DATA SECTION:
———

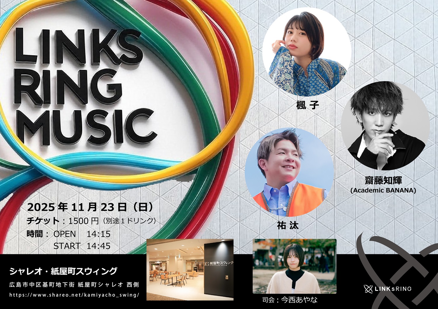| 料金 | チケット ¥1,500(別途1ドリンク) ※今までのLINKsRINGミュージックライブチケット半券をお持ちの方は500円割引で購入できます。チケット購入者の選択を「前回チケット使用」を選んでください。 ※必ず当日にチケット半券をお持ちください。チケット半券と交換となります。 ※ワンドリンク制の為、チケットとは別にドリンク500円のご注文が必要となります。 |
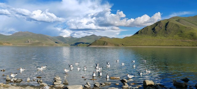 羊卓雍措湖面上成群的鸟儿。中青报·中青网记者王俊秀摄
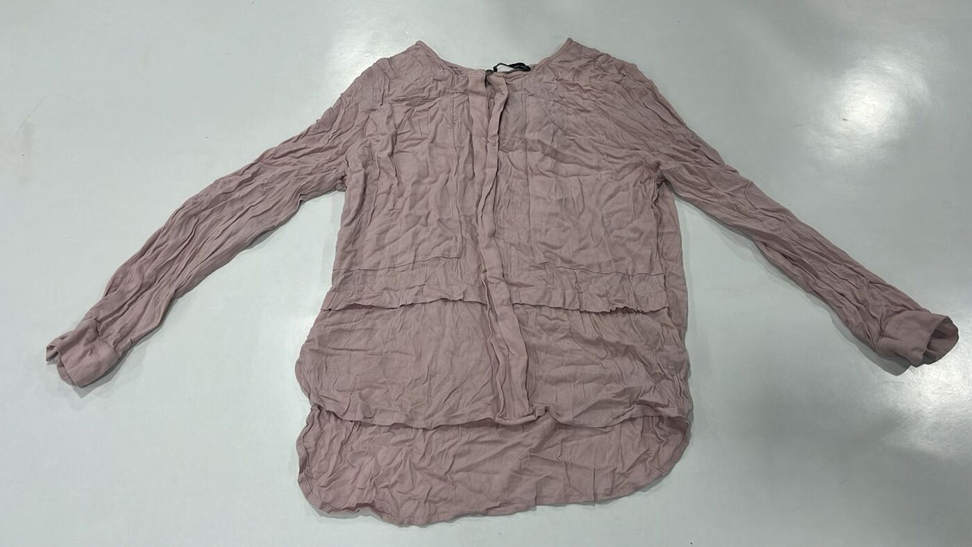A relaxed-fit pink chiffon top with crinkled texture and a high-low hem

———

PROMPT: When you retype the material above, keep every word exact and drop the images.

EXERCISE RESPONSE:
| 料金 | チケット ¥1,500(別途1ドリンク) ※今までのLINKsRINGミュージックライブチケット半券をお持ちの方は500円割引で購入できます。チケット購入者の選択を「前回チケット使用」を選んでください。 ※必ず当日にチケット半券をお持ちください。チケット半券と交換となります。 ※ワンドリンク制の為、チケットとは別にドリンク500円のご注文が必要となります。 |
 羊卓雍措湖面上成群的鸟儿。中青报·中青网记者王俊秀摄
A relaxed-fit pink chiffon top with crinkled texture and a high-low hem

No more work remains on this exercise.